Miora snorted. “You had fourteen.”

“Exactly.”

Above us, I heard My mom’s voice float down, breathless. “Is she—? Can we—?”

“Come,” Elira called, laughter in her tone now. “The floor won’t collapse. I made sure of it myself.”

Mom descended the last few steps, gripping the rail as if it might transform. Her eyes were huge, already wet. She’d only known Elira for a relatively short time, compared to Miora and Dad, but the shadow of her had haunted my mother’s choices for years.

“Elira,” she breathed. “I don’t know if I should hug you or yell at you.”

“Both,” Elira said. “In either order. Preferably with tea at the ready.”

“You left,” my mom accused. “You let me believe I was walking away from a dead woman.”

“I was dead,” Elira pointed out. “Mostly. There was a… loophole. Which I exploited. Badly.”

Keegan’s lips twitched. “You really are her grandmother,” he murmured.

“Rude again,” I repeated.

Elira turned to me then, fully, all the teasing dropping from her face for a moment.

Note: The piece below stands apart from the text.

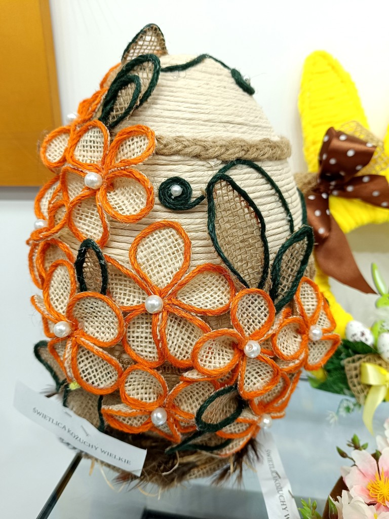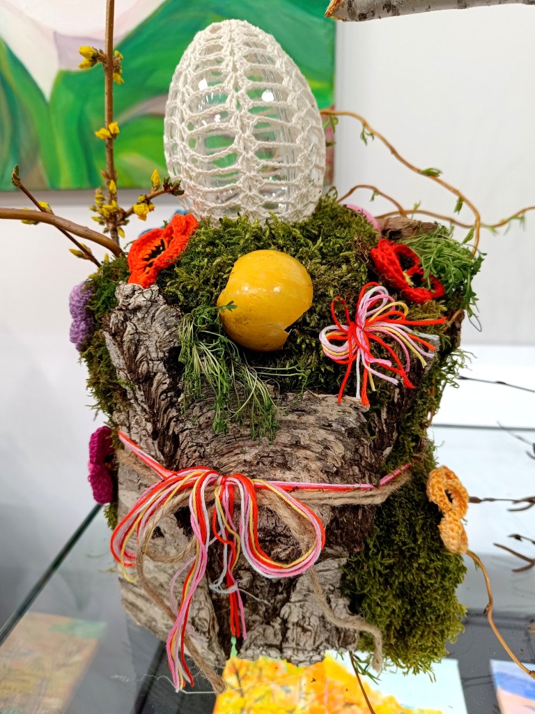 Szczególne uznanie zwróciła jedna z prac indywidualnych – wydmuszka autorstwa Agnieszki Mil z Wilkas. Ozdoba wykonana została z kory drzewnej i włóczki, z której powstały efektowne, kolorowe bratki.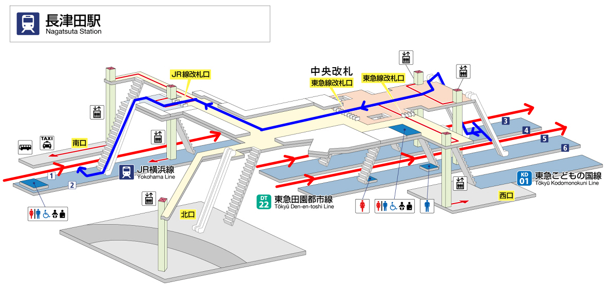 急行・準急で5駅目(約16分)、各駅停車で12駅目(約26分)の「長津田」駅で下車です。

“You did it,” she said. “You opened the Academy. You held the Luminary and walked into the Hollows. You got these fools organized.” Her eyes softened even more. “You even brought my son back from cursed dog-form. I’m proud of you, Maeve.”

The words hit harder than any spell.

“Don’t,” I said, swallowing hard. “I will cry and then Twobble will narrate it.”

“Already scripting it,” Twobble called faintly from upstairs.

“Stay up there!” I yelled.

Elira laughed. “Bring them down,” she said instead. “We don’t have much time before whatever’s pressing on the Ward outside decides to try harder.”

That sobered the room.

“Right,” I said. “About that.”

She patted the pedestal, the light brightening briefly in answer.

“This,” she said, “is why I’m here and not… gone-gone.”

“The Stone Ward?” I guessed.

She nodded. “A branch of it. The cottage is built on an old anchor point—one I reinforced when your father was little, before things went sideways. When I made my choice after Malore—” Her expression flickered.

“The Luminary offered me a path. I could dissolve fully into the Academy, or I could split what was left of me between its heart and this anchor.”

“And you chose here,” I whispered.

“And there,” she corrected. “I’m greedy.

But I put more of myself here. The Academy needed its ghosts, but Stonewick needed…

another keeper along with Miora. Someone to keep an eye on the Stone Ward’s roots.

Someone who could nudge the cottage, nag Karvey, annoy Miora, and make sure the magic stayed leaning toward joy whenever possible. ”

“Joy,” Miora wheezed. “You call all this joy?”

Elira’s eyes crinkled. “You cannot tell me it hasn’t been more interesting since Maeve arrived.”

Miora’s gaze slid to me. Her mouth pressed into its familiar disapproving line, but her eyes were warm. She squeezed Elira’s hand.

“Infuriating, more like,” she said. “But I suppose… yes.”

“So all those times the cottage seemed… alive,” I said slowly. “The way it nudged me toward certain drawers, or made the kettle shriek at convenient moments…”

“That was you?” My dad asked.

Elira’s smile turned sly. “I prefer to think of it as a collaborative haunting. The house was already half-awake. I just gave it better taste.”

Mom huffed. “You could have told us you were here.”

“I wasn’t until recently,” Elira said, gesturing upward vaguely. “Once I got interrupted by the Priestess when I was trying to talk with my granddaughter, I knew I needed to speed up the inception. I didn’t have a year to wait. I needed to transcend here immediately.”